The purpose of designed experiments is to identify the causes of variation in a process.  There are a number of ways to do this including cause and effect diagrams, Pareto charts, control charts, and designed experiments.  The first three methods observe the process in its “natural state”.  By contrast, designed experiments perturb relevant factors in a pre-determined way.

Observing a process in its natural state may fail to reveal major causes of variation.  This is because there are three sources of difficulty facing the investigator and designed experiments address them all.  The difficulties are experimental error (noise), confusion with correlation and causation, and complexity of the variables in the process.  Other advantages of designed experiments include time.  Observing the process in its natural state may take much longer to identify sources of variation than a designed experiment.  Second advantage is cost.  When there is more than one variable of interest as is often the case, designed experiments are much more efficient than varying one factor at a time.  Third advantage of designed experiments is that this may be the only feasible approach for problems such as factor screening, optimization, and when interaction among factors is present.

Designed experiments include a range of experimental situations.  Early stages of investigation often have many possible variables and screening experiments are useful to narrow the list.  Full and fractional factorial designs with linear effects are usually used to further investigate the reduced set of variables.  Once the variables of interest are condensed to 4 or less, response surface designs may be used to construct a nonlinear model in the experimental region of interest.  The response surface model allows optimization of the factor variables for the response variable of interest.
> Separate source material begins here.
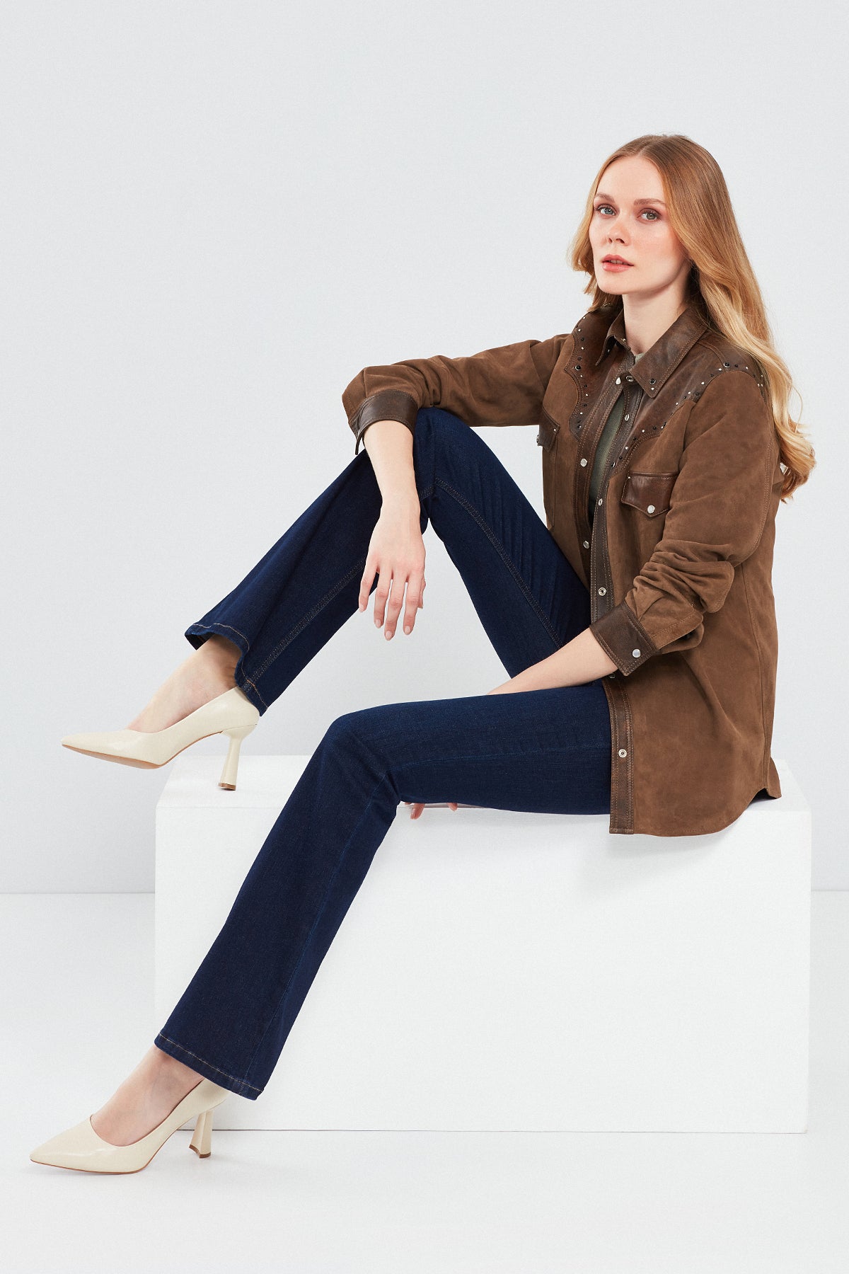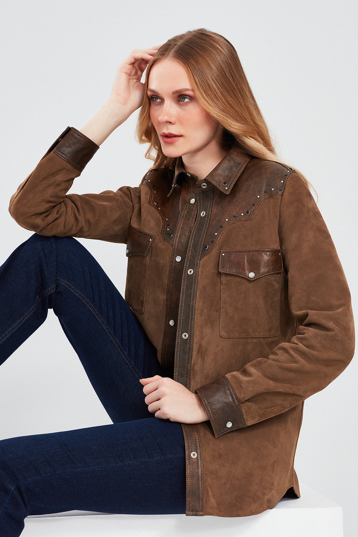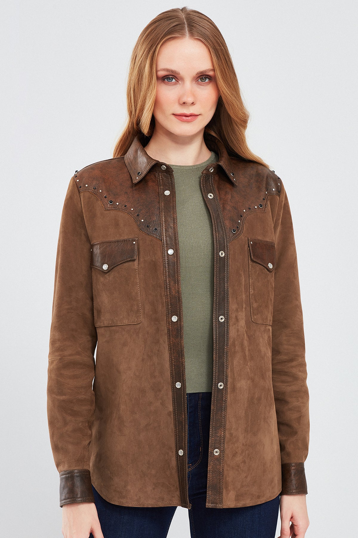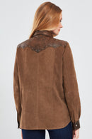Derimod'un Western Kadın Kahverengi Gömlek Tarzı Süet Deri Ceketi, batı tarzının modern yorumunu sunar. Özel süet deri malzemesi ve çıtçıtlı kapama detayıyla dikkat çeken bu ceket, gömlek tarzı yakasıyla da öne çıkar. Kahverengi rengi, western tarzının doğallığını ve sıcaklığını yansıtır. Ceketin regular/standart kalıbı, rahat bir giyim deneyimi sunarken, özel süet deri malzemesi kaliteyi ve dayanıklılığı temsil eder. Western Kadın Kahverengi Gömlek Tarzı Süet Deri Ceket, günlük kullanım için idealdir ve tarzınıza batı esintileri katmak isteyenler için mükemmel bir seçimdir. Derimod'un kalitesi ve şıklığı ile öne çıkan bu ceket, gardırobunuzun vazgeçilmezi olmaya adaydır.

Design of experiments (DOE) can be effectively applied during new product development, manufacture of existing products and in any other situation where multiple potential variables can affect output.  In R&D, robust product design techniques can be used to design products which are “robust” to variation during manufacture and customer usage.  Robust products function with less variation in the presence of uncontrolled variation in manufacture and usage.  In marketing, DOE can be useful in identifying customer preferences and displeasers.  In this application, the variables in the designed experiment could include various customer demographic characteristics.

A mixture experiment is a special type of experimental design problem in which the response depends only on the relative proportions of the design factors (or components) and not on the absolute amounts of these components.  Chemical processes are typical applications for mixture experiments.  Changing one component in the mixture necessarily affects the proportion of the other components.  Mixture designs take this dependency among components into account.  Mixture experiments are a special type of response surface experiment.